Add another vote for the FF compensation!

Cheers


----------



## joecool1964

wishfull1 said:


> Hi Chris
> 
> I check my caller ID and found that it hasn't logged a call since 11/15. I did the system test and the phone line failed. It also got the software upgrade on 11/15. Coincidence? I'm not sure, I did move things around in the rack around then too. I unplugged the R15 and check the phone connection and after getting a working line, the caller ID does work when playing something from MyVOD. I also tested it while paused, on a 10 minute delay and live. All had the caller ID pop-up. Maybe run your system test, or perhaps unplug the unit for a few to reset it?
> 
> Add another vote for the FF compensation!
> 
> Cheers


I too have found that the caller ID only works when it wants to. I first thought it wasn't working when I was watching a recorded show, but now it's not working at all. Mind you, if the caller ID doesn't work, it's not the worst thing that could happen, but it seems to be yet another in a growing list of bugs. I can appreciate that D* wants to put their product out there, but they should have had some folks like those who frequent these forums use them for about 3 months, then beef the thing up, and then release it to the public. I think they should be embarassed...


----------



## ChrisWyso

Thanks for the feedback on the caller ID. I'll probably first try hitting the red reset button on the unit and see if it corrects it. Although I'm quite reluctant to do this seeing everything _they're_ currently caching in RAM will get flushed!!! Ugh! I guess this is really sticking with me because I'm a programmer, and I know (relatively) how many, or more accurately, how few lines of code it takes to write some data to a file on the HD. Even if you're writing an XML file, the data is still already structured, and fairly tame to loop thru & read/write.

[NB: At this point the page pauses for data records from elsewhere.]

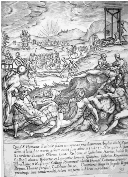
Fig. 6: Giovanni Battista Cavalieri after Niccolò Circignani: Martyrdom of Jesuit Priests, engraving, 26,5 cm x 20,5 cm, Ecclesiae anglicanae trophaea, Rome 1584 (Stadtbibliothek Trier)

The most famous Jesuit missionaries among the martyrs during the reign of Elizabeth I were Edmund Campion, Ralph Sherwin and Alexander Briant (fig.5). After their capture and torture in London Tower, they were hanged, disembowelled and quartered. Thereafter, their dismembered bodies were seethed. The persecutions of Jesuit missionaries usually ended in mass-executions by the same procedure, as is shown in the image illustrating the cruel martyrdom of thirteen students from the College, all executed between 1582 and 1583. The last, Richard Thirkeld, was killed in May 1583, shortly before the cycle was finished. Their bodies are draped in disorder and can only be identified because their names are written in the inscription beneath (fig. 6).
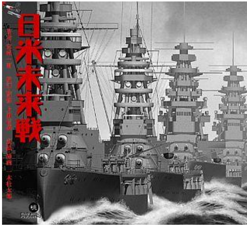
Nichibei miraisen , republished with new artworks in 2006 in an electronic format

Precise circulation figures are difficult to determine for most children's media, but Nichibei reached hundreds of thousands of children through sales of the book and the magazines alone. By 1925, Kodansha claimed to be printing 400,000 copies of Shonen kurabu monthly, selling about 275,000. 16 Its audience was boys aged 8-16, but editors always encouraged girls to read the stories, even after Kodansha started Shojo kurabu ( Girl's Club ) in January 1923. 17 Through the more informal methods of lending, borrowing, or trading, circulation for Nichibei was likely much higher. 18 It became so popular that Kodansha reissued it as a single novel in August 1923 with full-page ads in both magazines announcing its impending publication. 19 The full-page advertisement in the June 1923 issue of Shojo kurabu carried large white characters reverse printed on an exploding black ball: "GREAT HOT-BLOODED NOVEL." To the left another headline read: "Those who love the homeland must buy this!! The great struggle of hot-blooded youth!" 20 The book solidified Miyazaki's reputation as the premier writer of "hot-blooded novels" and helped make Kodansha the leading publisher of children's fiction in the prewar years with Shonen kurabu and Shojo kurabu leading the way. 21 Indeed, Miyazaki held a virtual monopoly over the "hot-blooded" label with both Kodansha and Hakubunkan until his mysterious death in 1934. 22
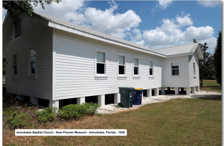
Immokalee Baptist Church - Now Pioneer Museum - Immokalee, Florida - 1928
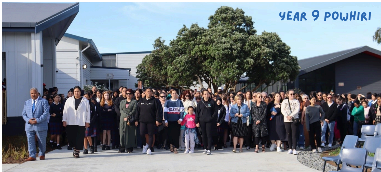
YEAR 9 POWHIRI
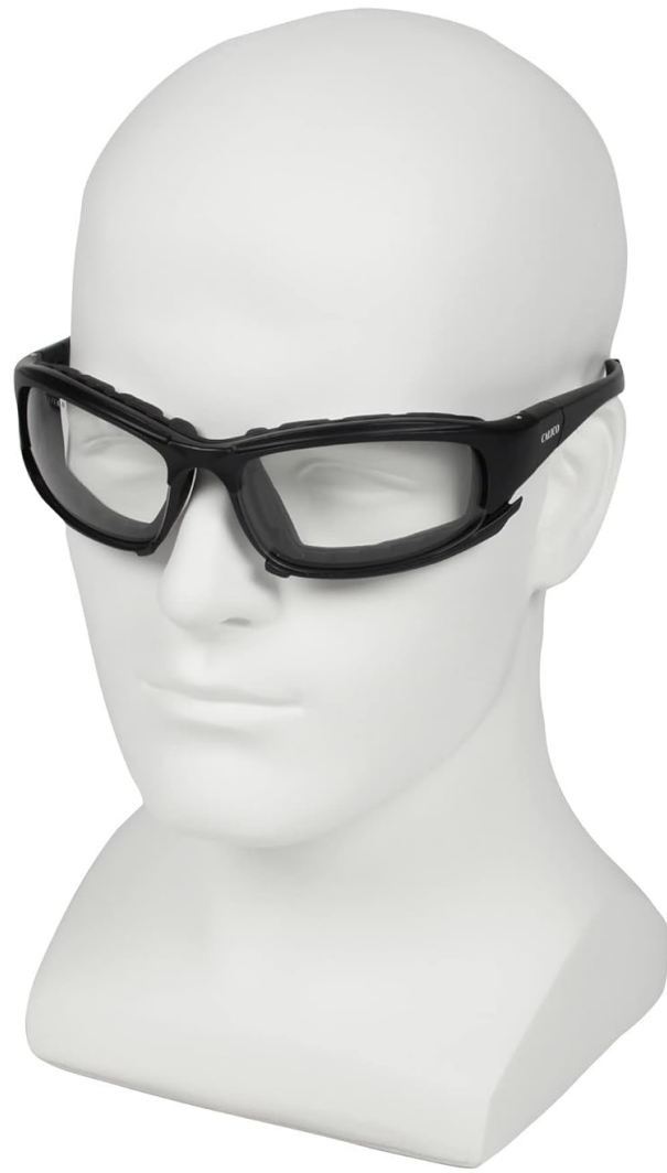
Figure 3.5: The safety glasses displayed on a mannequin head, demonstrating their fit and suitability for various industrial applications such as automotive, metal, and aerospace fields.

Ideal eye protection in automotive, metal and aerospace fields
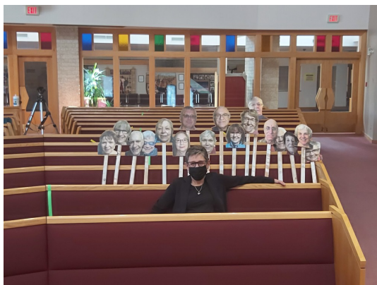
Welcoming our new Minister during COVID.
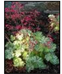
Heuchera Snow Angel (Sun/Part Sun)
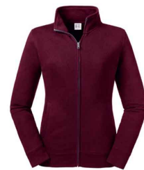
267F Ladies' Authentic Sweat Jacket SIZES XS-XL

Our premium Authentic Sweat Jacket with its contemporary fit and modern design revives the original spirit of the Sweatshirt.
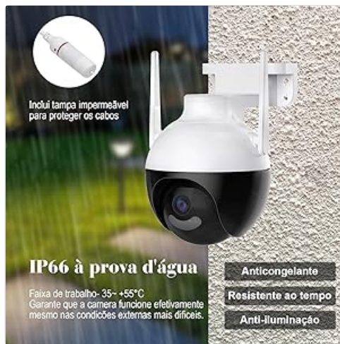
Image 2.1: Visual representation of key features including 4MP, night vision, human tracking, two-way call, multi-user access, memory card storage, IP66, and free movement.
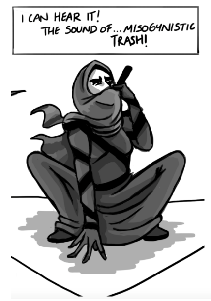
Figure 7. Mohammed, D. (2013). Qahera the Superhero, Egypt, Tumblr, June 30th, 2013. © D. Mohammed.

misconceptions of the veil and Muslim women's representation but also potentially a learning space for them. For Muslim audiences in the west, it can function more as a space for solidarity. And for Egyptian audiences, it can function as a space for both familiarity and solidarity for specific political themes such as the refugee crisis in 2015.
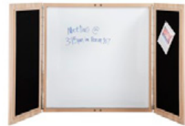
Mirella™ White Board

And doesn't it seem "funny" to anyone else that it's us "power users" or "early adopters" who are actually finding out the shortcut keys on REALLY using this box? I'm about ready to put the manual in the bathroom for use, if you know what I mean! :eek2:

I also mentioned in the "old" forum and agree with the Joe Cool that some of us "power users" should have been used to _Real World_ beta test these units. NOT the suits, or casual CSR users. D*, you have our numbers....

You're only going to end up with a BETTER unit, earlier, for the "casual" customer/consumer and keep us power users happy.

-Chris


----------



## 01ds650

I agree. I really WANT to like this box, but I just can't yet. I'm disappointed in D* for releasing something so poor that E* customers could rightly make fun of it.

D* seems to making things as cheap as possible. It's like the company I work for (Eaton) is now running my satelitte provider!


----------



## fergiej

Anyone having the problem with the 6 second skip back skipping back 6 minutes instead? I've had this happen now on 2 different shows, Sunday's Simpson's and last nights Whose Line is it Anyway. Both are 30 minute shows, so I'll have to look into it more to see if that's the reason. Either way, it's most definitely a bug. What I did was FF through the commercials, hit pause and the replay. The first one went 6 seconds, the second one went 6 minutes. It did it every time.


----------



## eengert

fergiej said:


> Anyone having the problem with the 6 second skip back skipping back 6 minutes instead? I've had this happen now on 2 different shows, Sunday's Simpson's and last nights Whose Line is it Anyway. Both are 30 minute shows, so I'll have to look into it more to see if that's the reason. Either way, it's most definitely a bug. What I did was FF through the commercials, hit pause and the replay. The first one went 6 seconds, the second one went 6 minutes. It did it every time.


Never experienced that. Could it be because you're using it while paused? I've never tried that.


----------



## Clint Lamor

chad73 said:


> I recieved my R15 from VE on Wednesday. I was initially pleased. Now it seems like almost every show is having video and audio skips.. Sometimes only once, sometimes 4 to 6 times in a show.
> 
> Today for no reason my receiver rebooted twice for no reason. I was just watching live tv.
> 
> Is anyone else experiencing random reboots? Is my receiver a lemon?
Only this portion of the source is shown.